Reading from a `.env` file¶

FullAuthConfig reads a .env file in the current working directory by default (via pydantic-settings). Drop a .env next to your app entry point:

# .env
FULLAUTH_SECRET_KEY=replace-me-with-32-random-bytes
FULLAUTH_ACCESS_TOKEN_EXPIRE_MINUTES=15
FULLAUTH_BLACKLIST_BACKEND=redis
FULLAUTH_REDIS_URL=redis://localhost:6379/0

Then FullAuthConfig() picks it up = no extra wiring needed.

Precedence¶

pydantic-settings resolves values in this order, first wins:

Init kwargs = FullAuthConfig(SECRET_KEY="...")
Process environment = os.environ["FULLAUTH_SECRET_KEY"]
.env file
Field defaults

So anything you export in your shell, in uvicorn --env-file, or in Docker env_file: overrides the dotfile. The dotfile is only read if the variable isn't already in os.environ.

Using a different file¶

Pass _env_file at construction:

FullAuthConfig(_env_file=".env.production")
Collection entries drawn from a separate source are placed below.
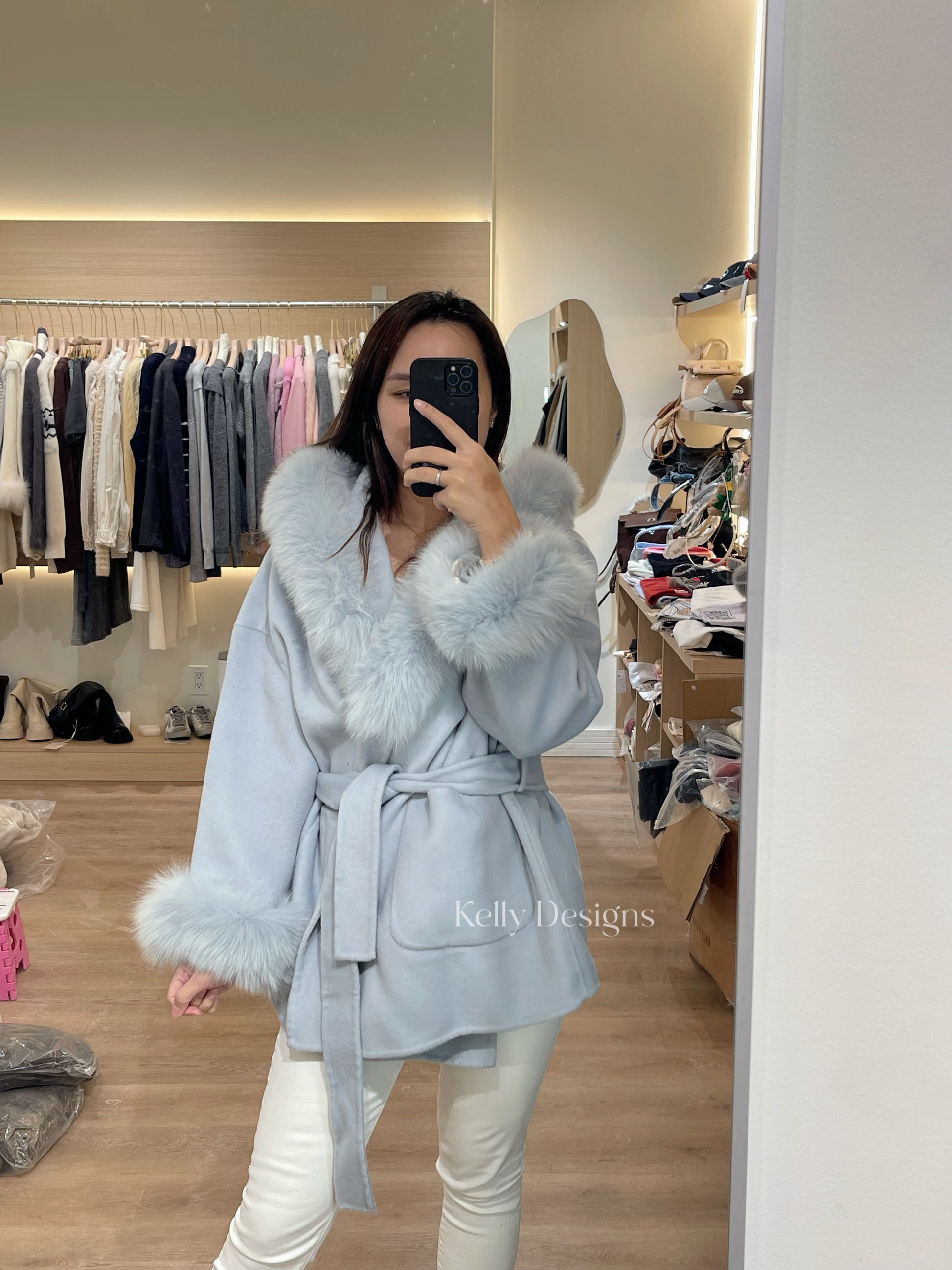 Kelly Designs Fox Fur Wool Blue Coat (Instock)
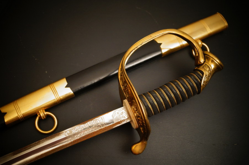 Fundzustand. Lederscheide mit vergoldeten Bronzebeschlagteilen. Gefäß aus Bronze, offen, vergoldet. Klinge mit feiner Ätzung. Ungeputzt und in perfektem Zustand.
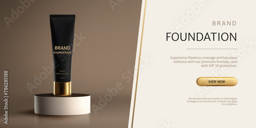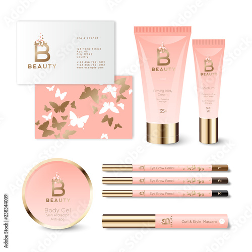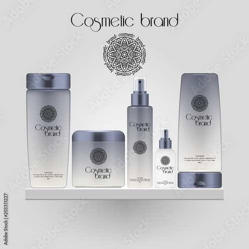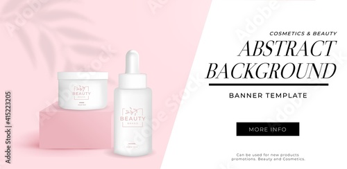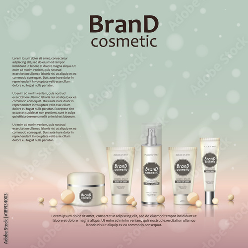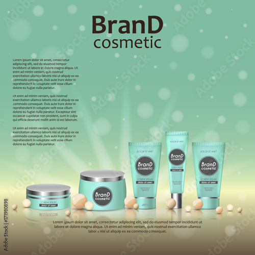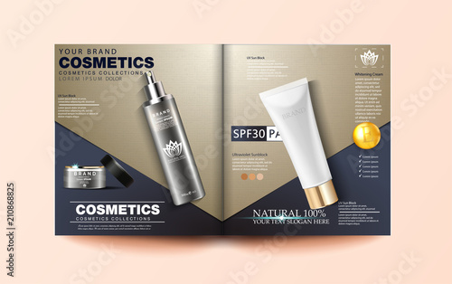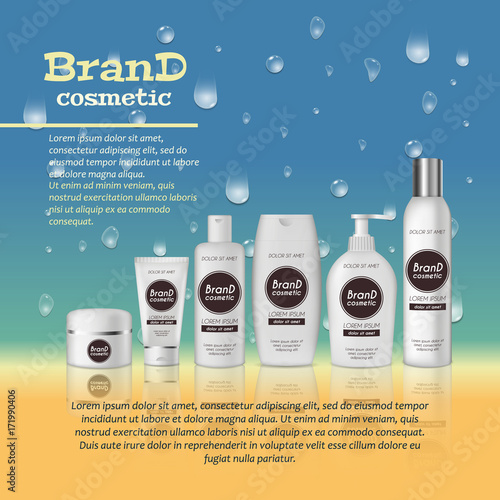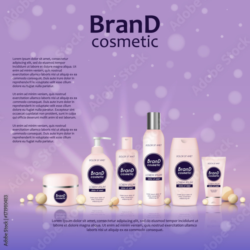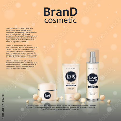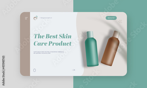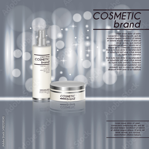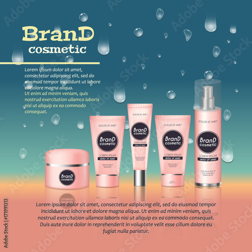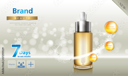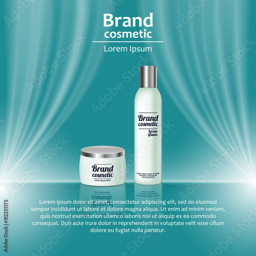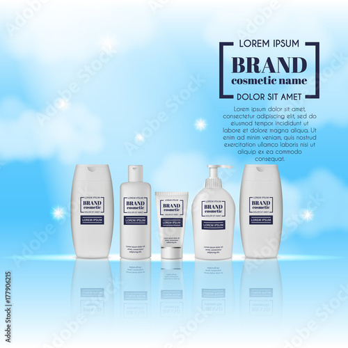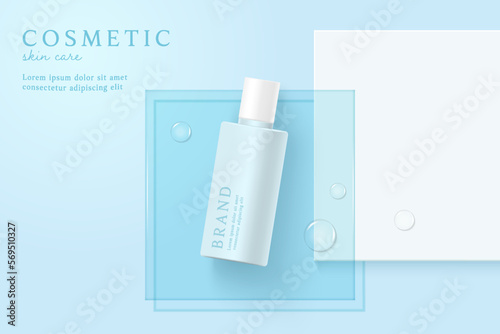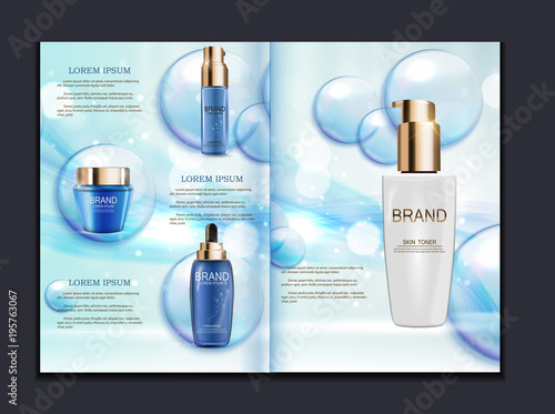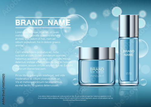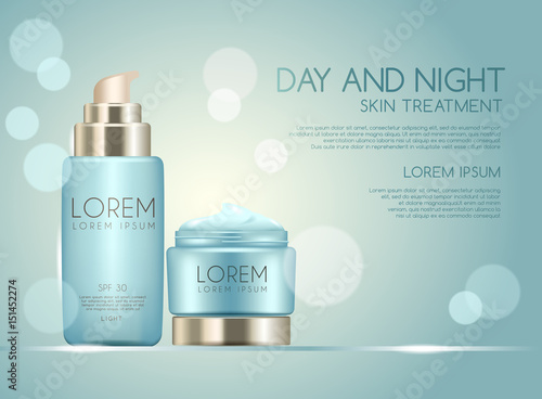 Skin toner cosmetic products ad. Vector 3d illustration. Skin cream bottle template design.
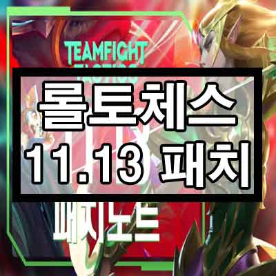 이번에 알아볼 것은 6월 23일 적용된 롤토체스 11.13 패치노트입니다. 과연 어떤 챔피언들이 어떻게 변경되었고, 또 특성들은 어떻게 바뀌었는지, 아이템은 무엇이 바뀌었는지 한번 이것저것 알아보도록 하겠습니다.
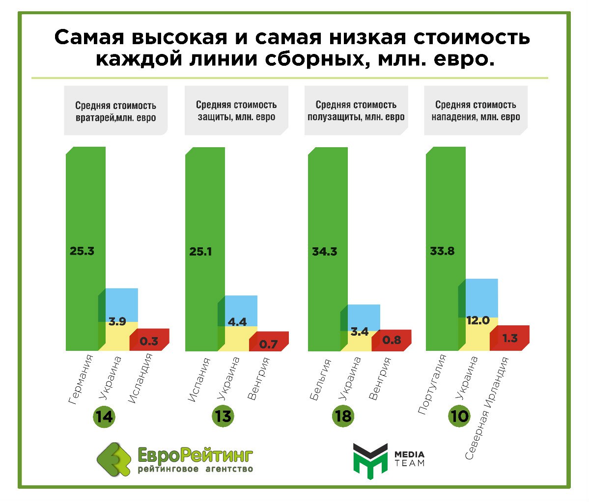 На приведенной диаграмме отражены наибольшее и наименьшее средние значения стоимости игроков по позицям. И место Украине- так же. На языке цифр имеем следующее: вратари – 14 место из 24, защита – 13, полузащита – только 18, нападение – 10. Добавим к этому, что в нашей группе находятся две команды, входящие в ТОП-10 по стоимости своих футболистов. При этом Германия ни в одной из номинаций не опускается ниже 5-го места. А Поляки уступают Украине лишь по ценности защиты.
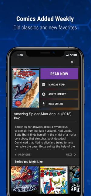 I have always been a comic book fan. However I live in a rural place, and there were never any places to buy comic books of any kind growing up. Having this app and being able to read all the stories I wanted to is perfect. Curated lists of things like universe spanning events make this app easy to use. A library of over 25k comics would be daunting if it weren’t so organized. If you find an art style or writer you like you can find all their past works in Marvel. The cell by cell reading is great on a phone and even on unconventional frames it scrolls through the dialogue and action in the order it was meant to be. For the most part. Occasionally there will be a place where if you don’t zoom out you may have missed a text box. It is still being updated and curated weekly with newer and old issues. If I had bought these comics new or even secondhand I would have spent a few thousand dollars on all I’ve read, for a fraction of the cost. Well worth it in my opinion.
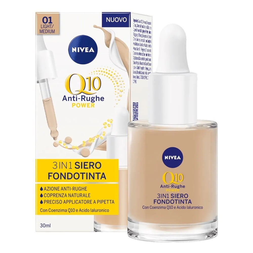 Nivea Q10 me efektivitetin e një serumi kundër rrudhave i kombinuar me pigmente me ngjyra natyrale. Falë një koncentrati efektiv të përbërësve aktivë kundër plakjes, formula ndihmon në reduktimin e dukshëm të linjave të imta dhe rrudhave. Lufton rrudhat falë fuqisë antioksiduese të koenzimës Q10. Pigmentet e ngjyrave përzihen në mënyrë të barabartë me lëkurën dhe përshtaten natyrshëm me tonin e saj, duke mbuluar menjëherë papërsosmëritë e vogla. E pasuruar me vaj avokadoje dhe acid hialuronik, formula e lehtë hidraton për 12 orë, për lëkurë me efekt mëndafshi.
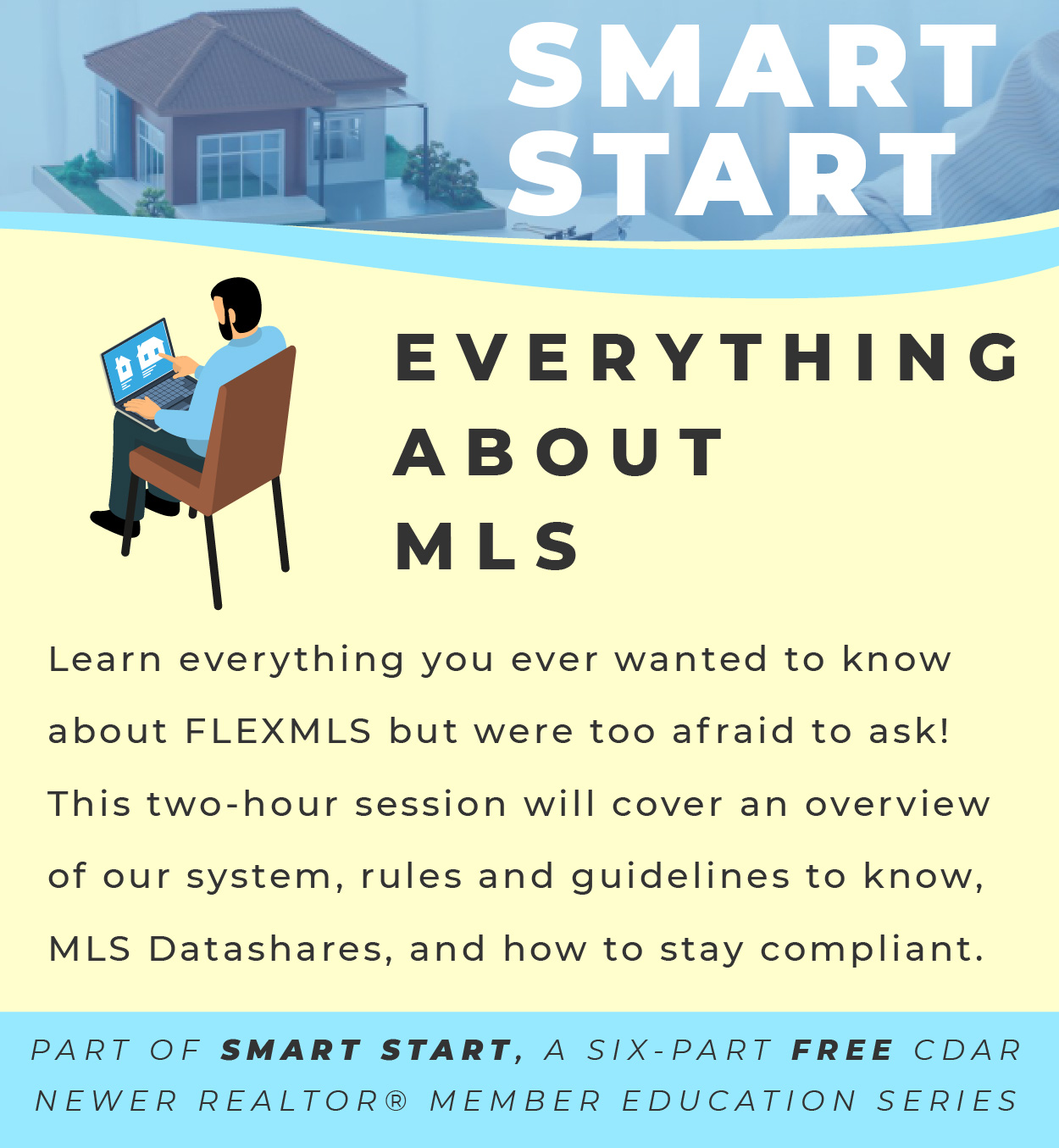 Join us to learn Everything About MLS, part of our Smart Start series, on Thursday, February 19th, from 9 AM to 11 AM. This two-hour session will feature everything you need to know about FLEXMLS but were too afraid to ask. Get a live demo overview of the MLS, along with information about rules and guidelines to know, MLS datashares, lockboxes, and tips and tricks on best practices and what pitfalls to avoid to stay on the right side of compliance.
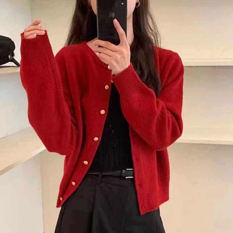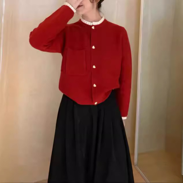 新作韓国版2025秋木製風耳飾り付きラウンドネックセーター女性用、ニッチなニットファッション、優しいスタイルのカーディガンジャケット女性用

Or subclass once in your app:

from fastapi_fullauth import FullAuthConfig
from pydantic_settings import SettingsConfigDict

class AppFullAuthConfig(FullAuthConfig):
    model_config = SettingsConfigDict(
        env_prefix="FULLAUTH_",
        case_sensitive=True,
        env_file=".env.local",
        extra="ignore",
    )

Cloud / container deployments¶

You don't need to change anything. Managed platforms (FastAPI Cloud, Fly, Railway, Render), Docker, and Kubernetes inject config as real environment variables = those end up in os.environ inside the container. The .env default simply doesn't find a file to read and falls through to the process env. No overhead, no surprises.

If you want to be defensively explicit that no file is ever read, pass FullAuthConfig(_env_file=None) = but it's not required.

Reference¶

Core¶

Option	Type	Default	Description
`SECRET_KEY`	`str \\| None`	`None`	JWT signing key. Auto-generated in dev if not set.
`ALGORITHM`	`str`	`"HS256"`	JWT signing algorithm.

Tokens¶

Option	Type	Default	Description
`ACCESS_TOKEN_EXPIRE_MINUTES`	`int`	`30`	Access token lifetime.
`REFRESH_TOKEN_EXPIRE_DAYS`	`int`	`30`	Refresh token lifetime.
`REFRESH_TOKEN_ROTATION`	`bool`	`True`	Issue new refresh token on each refresh.
`JWT_LEEWAY_SECONDS`	`int`	`30`	Tolerance (seconds) for clock drift between client and server when validating `exp`/`iat`.
`PASSWORD_RESET_EXPIRE_MINUTES`	`int`	`15`	Password-reset token lifetime. Kept short = independent of `ACCESS_TOKEN_EXPIRE_MINUTES`.
`EMAIL_VERIFY_EXPIRE_MINUTES`	`int`	`1440`	Email-verification token lifetime (24 h).

Passwords¶

Option	Type	Default	Description
`PASSWORD_HASH_ALGORITHM`	`"argon2id" \\| "bcrypt"`	`"argon2id"`	Hashing algorithm.
`PASSWORD_MIN_LENGTH`	`int`	`8`	Minimum password length.

Option	Type	Default	Description
`LOGIN_FIELD`	`str`	`"email"`	Field used for login (`"email"`, `"username"`, etc.).
`LOCKOUT_ENABLED`	`bool`	`True`	Enable account lockout after failed login attempts.
`LOCKOUT_BACKEND`	`"memory" \\| "redis"`	`"memory"`	Lockout storage backend. Use `"redis"` for multi-worker deployments.
`MAX_LOGIN_ATTEMPTS`	`int`	`5`	Failed attempts before account lockout.
`LOCKOUT_DURATION_MINUTES`	`int`	`15`	Lockout duration after max attempts.

Rate Limiting¶

Per-route auth rate limits are baked into the routers. Global request-rate middleware (RateLimitMiddleware) is opt-in = import it from fastapi_fullauth.middleware and call app.add_middleware(...) yourself.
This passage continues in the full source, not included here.